Reputation: 184
I am trying to read a CSV using pd.read_csv
, but I get an error:
UnicodeDecodeError Traceback (most recent call last) pandas_libs\parsers.pyx in pandas._libs.parsers.TextReader._convert_tokens()
pandas_libs\parsers.pyx in pandas._libs.parsers.TextReader._convert_with_dtype()
pandas_libs\parsers.pyx in pandas._libs.parsers.TextReader._string_convert()
pandas_libs\parsers.pyx in pandas._libs.parsers._string_box_utf8()

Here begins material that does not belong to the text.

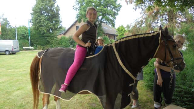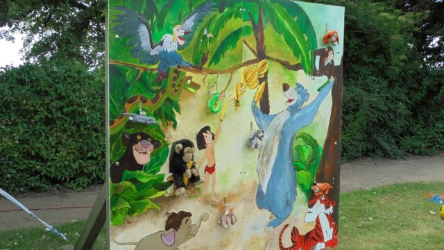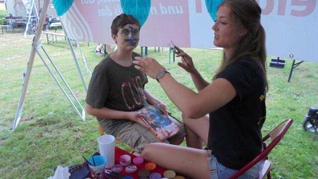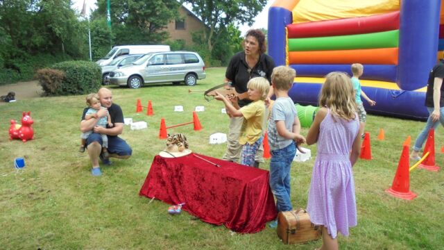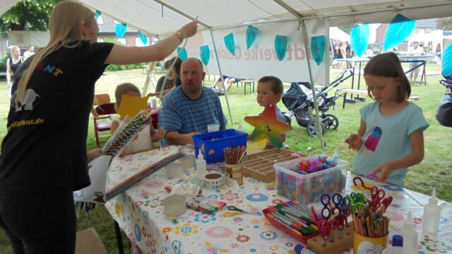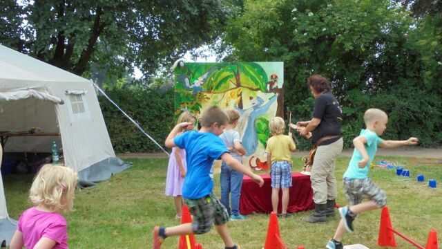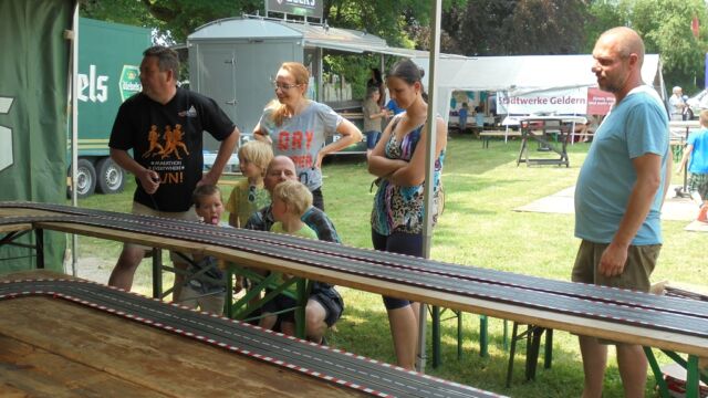 Beim großen Familienfest am Sonntag  hatten die Organisatoren ein großes Spielangebot für Kinder unterschiedlichen Alters organisiert, dass von kleinen und großen Kindern gerne angenommen wurde. Neben der großen Hüpfburg, die alljährlich von den Stadtwerken Geldern gesponsert wird, einer große Carrera-Bahn, wo große und kleine Rennfahrer ihr Glück im Autorennen versuchen konnten und Ponyreiten  war „Bellerfant“ vor Ort, die ein großes Spiel- und  Bastelangebot zum Thema „Dschungel“ im Gepäck hatten. Für Langeweile war also keine Zeit.

UnicodeDecodeError: 'utf-8' codec can't decode byte 0xa0 in position 8: invalid start byte
During handling of the above exception, another exception occurred:
UnicodeDecodeError
Traceback (most recent call last) ipython-input-84-c0272ccf19e6 in module
Sample of my data:
Time,Type,Instrument,Product,Qty.,Avg. price,Status
3/27/2019 13:46,BUY,MFSL,MIS,1600,115.25,COMPLETE
3/27/2019 13:46,BUY,MFSL,MIS,500,115.3,COMPLETE
i have already tried checking if there is an invalid character (using Notepad++). "Show all characters"
I couldn't find any difference when comparing this file with a similar one that could be loaded. Just Need help Troubleshooting the above, If someone can point me in the right direction.
Upvotes: 0
Views: 1920
Reputation: 2539
The data you posted works fine for me, but it's several degrees removed from your source. Specifying an encoding when opening the file may fix the problem. You can do this a couple of ways: use the codecs package to open the file and let that decide the encoding, or specify the encoding in csv_read()
import codecs
doc = codecs.open('document','rU','UTF-16') #open for reading with "universal" type set
df = pandas.read_csv(doc, sep=',')
You also might want to sanitize your column names, as spaces and decimals can cause problems in referencing.
df.columns = df.columns.str.strip().str.lower().str.replace(' ', '_').str.replace('(', '').str.replace(')', '').str.replace('.', '')
Upvotes: 1